The Weekly, October 30, 2023
Hi all,
I'm trying something different this week, which is that I didn't post on Twitter except for Mere O content and otherwise have saved all the stuff I would have done on social media in the past and put it into this newsletter.
If it gets to be too long, let me know and I can adjust.
This is still a bit of an experiment.
Reading
Books
Too many going at once, as usual. But here's a summary: I'm reading Shenvi and Sawyer's Critical Dilemma, finished Nelson's Theology of Liberalism (absolutely phenomenal, that dude is wicked smart), and just got Holland's Dominion and Scrivener's The Air We Breathe last week.
I'm also reading Kingsnorth's The Wake and Traub's biography of John Quincy Adams for pleasure. I have a pet theory that JQA is the solution to our liberalism woes. But I need more time to read and think on it before I'm ready to say more.
Articles
I spent a lot of time this week catching up on periodical reading, so that's reflected in the number of links below.
Here's some really cool news from my friends over at the Davenant Institute.
More schools are going phone-free in the US. Earlier this year I wrote about why churches should consider doing the same.
Israel Must Defeat Hamas and Then Get Serious About Peace by Jo-Ann Mort and Michael Walzer in The New Republic
Beyond a Clean, Well-Lighted Place: Absence as Evidence by Bryce Crandall in Solid Food Press
‘No’ to Trans, ‘Yes’ to Gay Marriage: Will This Be the New Normal? by Glen Scrivener in The Keller Center
Baudrillard in Gaza by Geoff Shullenberger in Compact
Ban Pedestrians by Addison del Mastro in Deleted Scenes
It Can Happen Here by Jeffrey Blehar in National Review
The crew at the Morning Dispatch summarized some survey data from Ryan Burge:
One of the narratives that one hears often in the abortion debate is that pro-life folks only care about babies until the moment they are born. The implication here is that these folks are conservative Republicans who don’t support policies that make life a bit easier for folks at the lower end of the socioeconomic spectrum. Well, is that really true?
I divided the sample into those who favored a proposal to never permit abortion and those who favored a proposal to always permit abortion.

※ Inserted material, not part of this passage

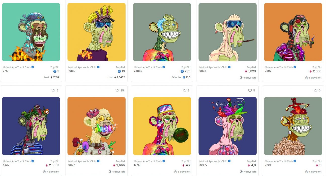 Plus de 10 000 Mutant Apes ont été récemment proposés au public, à travers un système d’enchère inversée hollandaise. Les NFTs étaient ainsi vendus à un tarif qui était progressivement abaissé jusqu’à trouver un acquéreur. Ainsi, le prix de « minting » avait démarré à 3 ETH, avant de baisser au fil des minutes jusqu’à 0,01 ETH sur une période de 9 heures.

I calculated how they feel about a whole host of issues that run the gamut from fiscal to foreign policy. The narrative really falls apart in this analysis.”

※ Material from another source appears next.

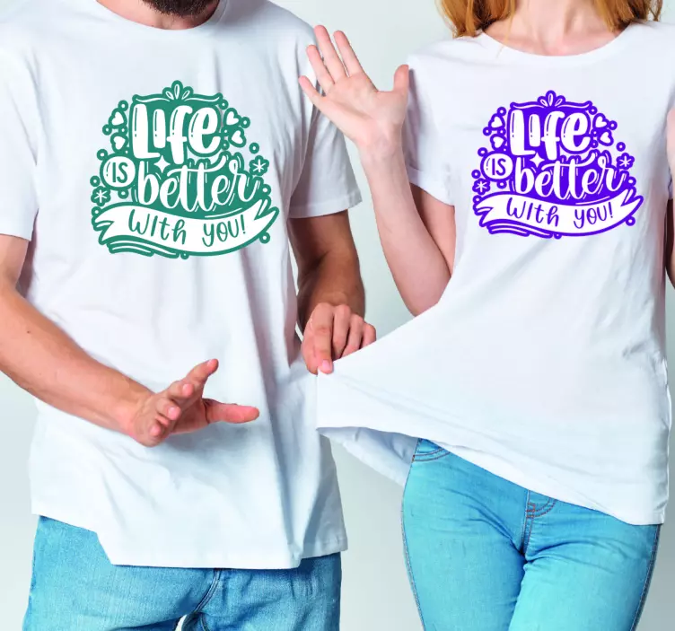Reference: T4107This design highlights a cheerful message emphasizing the joy of companionship. Displayed on matching apparel, the vibrant text and embellishments create a warm atmosphere, perfect for expressing love and unity. Ideal for celebrations or casual outings, it resonates with themes of connection and happiness.

Among those who would totally ban abortion, “67 percent favor debt free college. 77 percent favor paid maternity leave. 67 percent favor raising the minimum wage to $15/hour.

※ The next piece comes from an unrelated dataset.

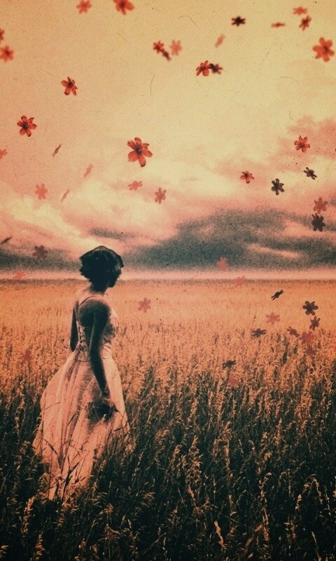 «Грустная девушка в поле травы»
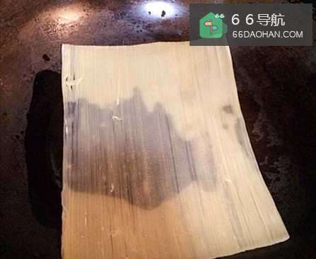 2第二步平底锅上倒入少许油,将冷面放在油锅上煎一下,面片要均匀沾上油。

The share of Americans who are pro-life and want a smaller social safety net just isn’t that big. The idea that there’s just tens of millions of Americans who want a woman to have a baby then don’t support the government making it easier to raise that child finds no support in this data. Lots of pro-life Republicans do want to raise the minimum wage and offer some type of paid maternity leave. That narrative hasn’t really caught on in the larger discourse.”
Elsewhere
For most of the past nine years, I've worked remotely for some portion of my week. Since January of 2020, I've been full-time remote.
When you combine remote work with a family of six and a three bedroom house... it gets complicated. Some days it works fine and I love being at home. Other times I need to go somewhere. Sometimes that somewhere is a coffeeshop, which is fine, but other times I either don't want to spend any money or I don't want to get caught up talking to someone I happen to know who I see at the coffeeshop, which can cut into my time to work. Somehow it wasn't until the last few weeks that I hit on the obvious solution: public libraries.
For the last few weeks, when I've worked remotely I've found a public library around town and set up in a reading room there. It's been perfect. One local library is also right next to a nice trail network, so on some days I've taken a break during the day, thrown my bag in my car, and then gone for a walk on the trails. It's been a great change of pace for me and has allowed me to get some better work routines. It's also brought me back to my earlier days working in the research library at the University of Nebraska. I wrote an honors thesis and my first book in that library. So it's been a nice return for me as well.
Speaking of better work routines: We're gearing up for our end-of-year campaign with Mere O. If that goes well, it will set us up to make 2024 our best year so far with some more podcast offerings, more print issues, and a YouTube channel.
Toward that end, I'll be meeting tomorrow with a consultant with 30+ years experience building Christian non-profits to do some medium- to long-term organizational planning for Mere O. So would you pray that time goes well?
My dream for Mere O is that we would be a faithful, intellectually serious voice for public-facing Christianity and that we would resource Christian leaders with the ideas, books, and habits of thought they need to be faithful and effective. I'm hoping the time tomorrow can help set us up for a successful campaign and an even stronger 2024. So please be praying for that.
Thanks everyone. I hope y'all have a great week.